Well I guess since I replied to a post I should at least introduce myself. I've been embarrassed to post because I don't seem to have the problems that some of you have and yet it wasn't that hard to get a diagnosis of limited sclero.

On my 30th birthday my husband took me to Mexico for vacation and while snorkling we noticed my hands changing colors and a tingling sensation as well, we thought that it was jellyfish stings but come to find out later that it was my first episode of Raynaud's. So my primary care physician pulled blood to look at my ANA and was positive and then referred me to a rheumatologist who determined that I had limited Sclero.

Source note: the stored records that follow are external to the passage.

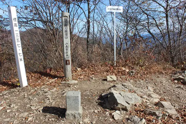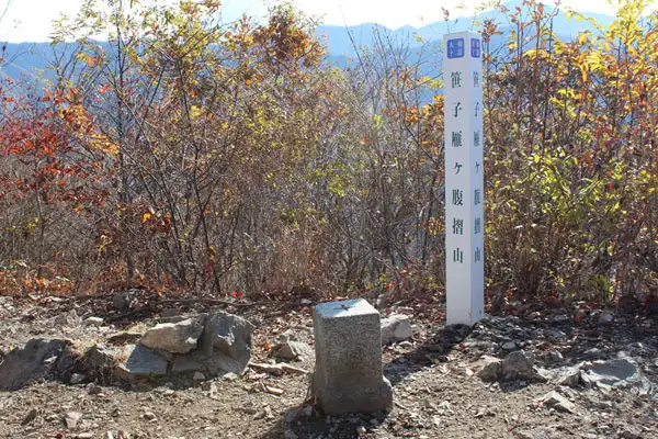 笹子峠から続く稜線上のピークです。狭い山頂は刈り開かれて展望が良いところです。山梨百名山の道標と三角点があります。
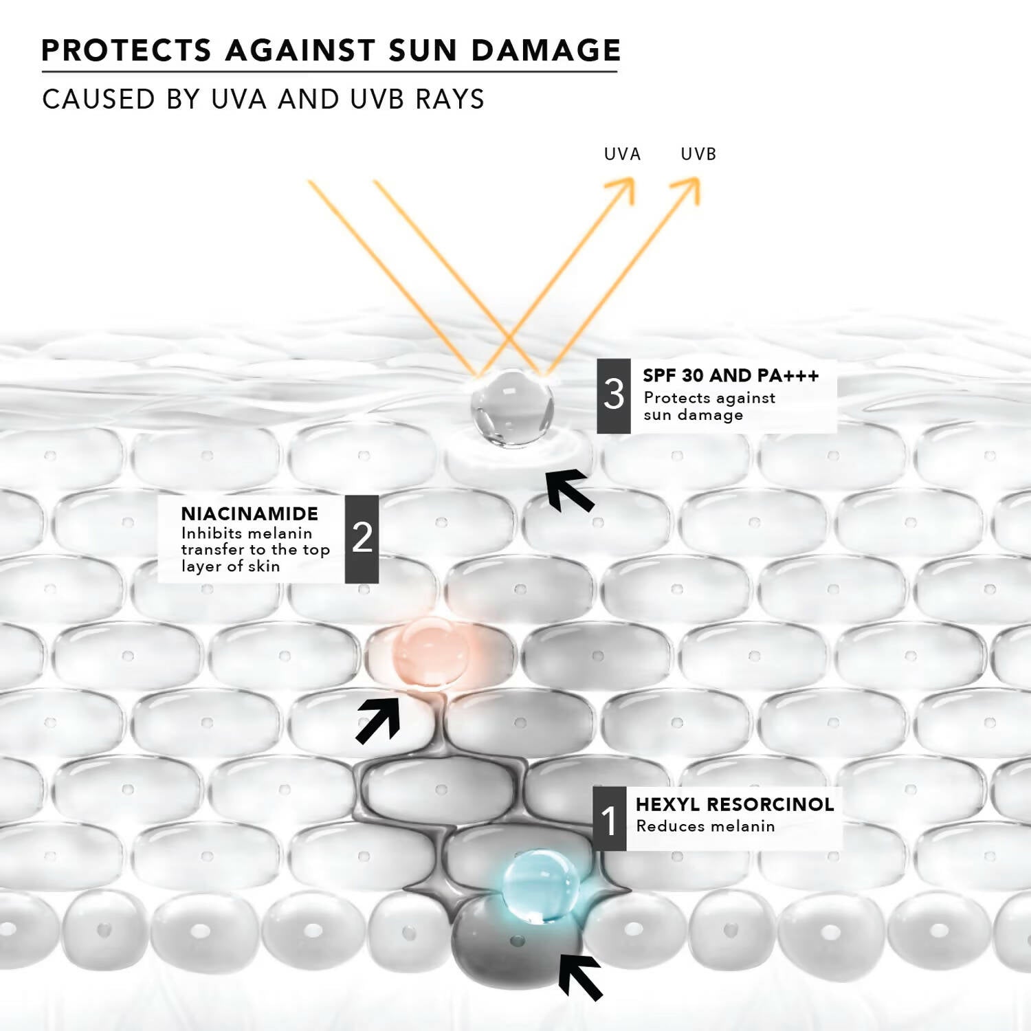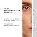 - Featuring 3.25% Hexylresorcinol + Niacinamide, this SPF cream offers broad-spectrum protection with SPF 30 and PA+++, guarding against harmful UVA and UVB rays. It absorbs seamlessly without leaving a white residue and helps diminish discoloration due to sun exposure.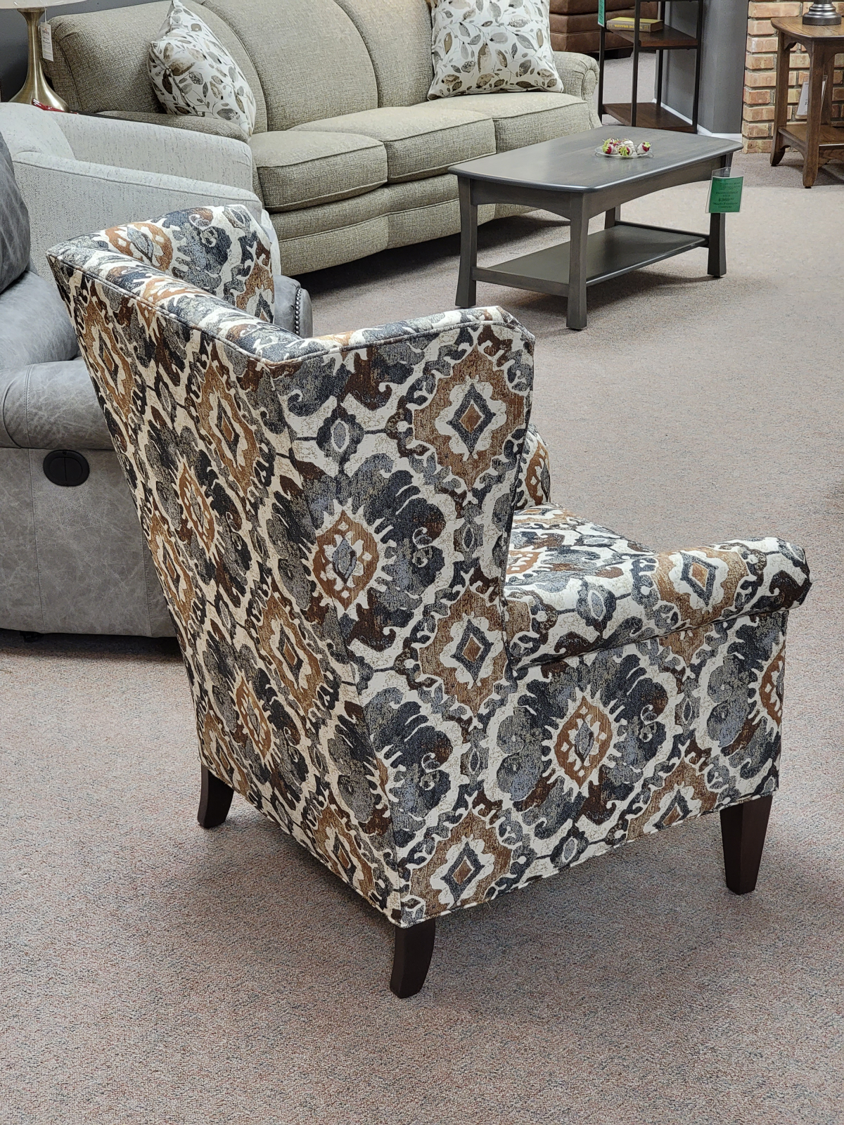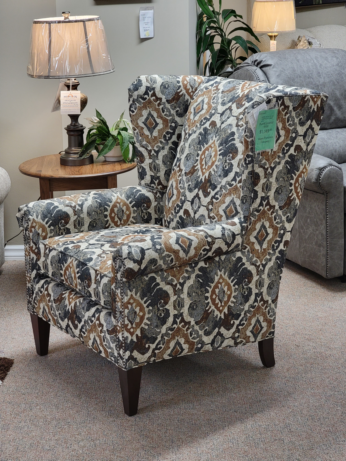 Item Description Add a touch of elegance to any room with this stunning winged accent chair. Expertly crafted in the United States, this chair combines timeless style with exceptional comfort. The graceful winged design adds a sophisticated flair, while the high-quality construction ensures durability and lasting beauty.

I recently started having trouble with shortness of breath while exercising, and I exercise a lot, so I went to have a pulmonary function test (PFT) and it was determined that I have asthma. I also have had some trouble swallowing and will have some tests done for that in the near future, I forget the names of them, but the gastrointerologist (GI) I saw seems to think its a motility problem. I'm on Nifedipine for Raynaud's and Aciphex twice a day for the reflux but other than that I'm healthy and still running marathons and triathelons! I have noticed some muscle and joint soreness here recently but not sure if that's age or sclero.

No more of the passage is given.